In my last post we started talking about the tasks associated with data harmonization; the topic of this week’s post is determining that two reference data sets refer to the same conceptual domain.
First, let’s review some definitions:
- A value item is a representation of a specific value meaning in a value domain.
- A value domain is a collection of value items.
- A conceptual domain represents the meanings of the permissible values in a value domain.
- A value meaning is a relation between a concept in a conceptual domain and a value item.
As an example, the “states of the United States” is a conceptual domain. There are concepts such as the geopolitical entities referred to as “states” that are members of the conceptual domain, such as “Alaska” and “California.” A value domain for states might consist of a collection of two-character uppercase abbreviations, such as “NY” or OH.” Another value domain for states might consist of two-digit codes such as “01” or “23.”
We can say that value domains A and B are isomorphic if:
- The cardinality of A is equal to the cardinality of B (they have the same number of values).
- Both A and B are associated with a conceptual domain C with the same cardinality as A and B.
- There is an enumeration of value meanings in A that is a 1-1 mapping to concepts in C.
- There is an enumeration of value meanings in B that is a 1-1 mapping to concepts in C.

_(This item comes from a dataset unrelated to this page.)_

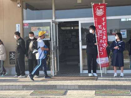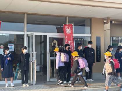 今日は、あいさつ運動が行われました。登校する小学生に元気なあいさつをすることができました。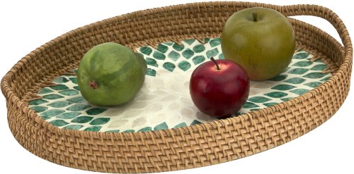 Piękna, ręcznie wytworzona taca rattanowa. Środek wypełniony jest cudownym zdobieniem wykonanym z masy perłowej. Turkusowe elementy przypominające łezki oraz wplecione w środku perłowe łezki świetnie uzupełniają się na kremowym tle tworząc przepiękną dla oka kompozycję.

In other words, in each value domain, each value is mapped to one and only one concept in the conceptual domain C. In this scenario, there is a value in reference value set A that is mapped to the same concept in conceptual domain C as a value in reference set B, and these two values are effectively equivalent in meaning, and the reference data sets can therefore be trivially transformed into each other.

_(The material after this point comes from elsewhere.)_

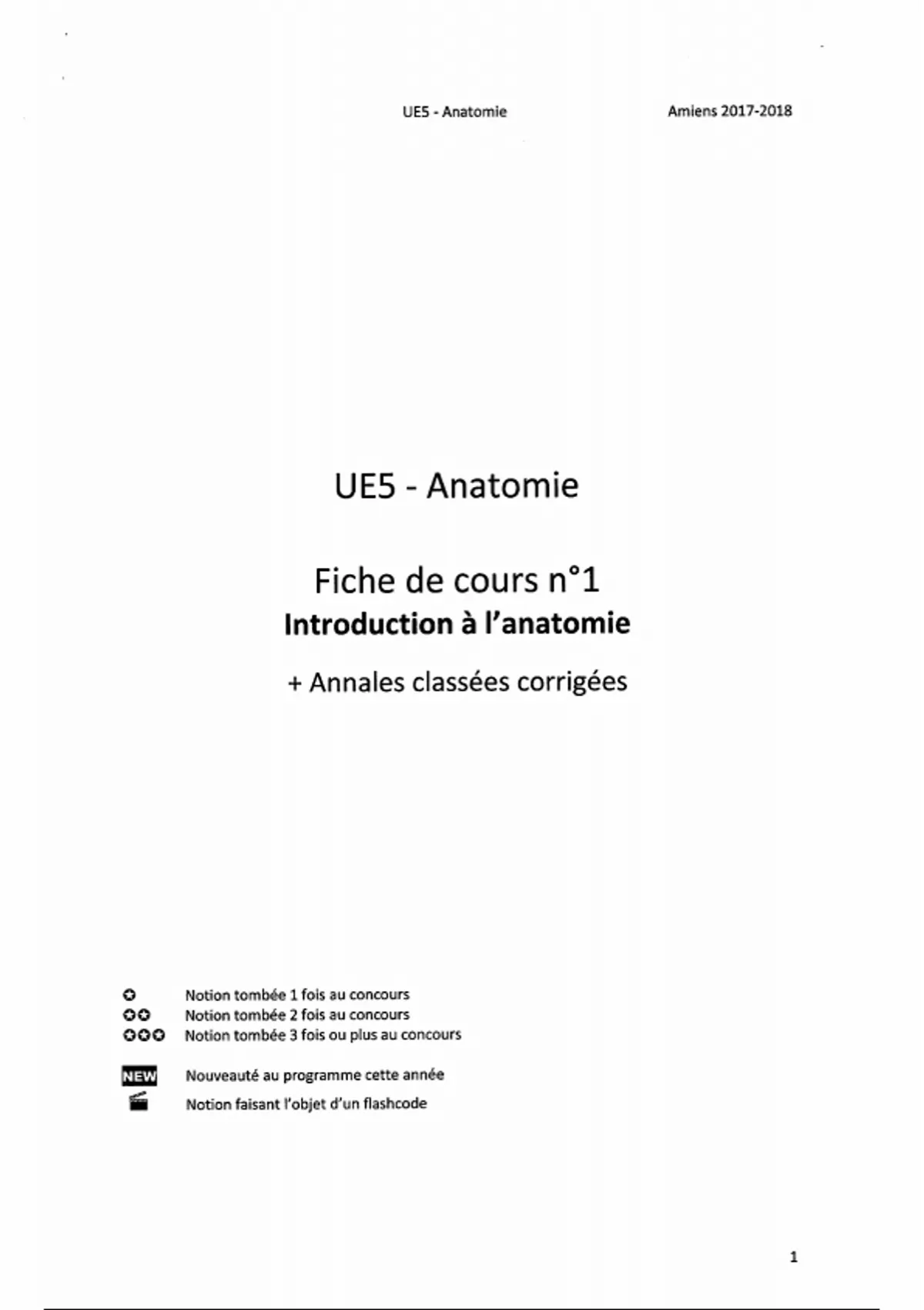 Résumé UE5 FC1 - Introduction à l'anatomie

To continue the example, given a reference data set A consisting of two-character upper-case abbreviations with 50 values in it, another reference data set B with 50 two-digit codes, and a direct mapping between each value to one and only one of the 50 states of the United States (conceptual domain C), then A and B are isomorphic and are essentially equivalent in representative power. In turn, these two data sets could be harmonized by transforming all instances of values in reference data set A to the corresponding value in reference data set B.
Reference data set isomorphism is a good starting point for harmonizing reference data sets. However, two reference sets do not always reflect the complete isomorphism, and that requires some additional insight for making the determination for harmonization.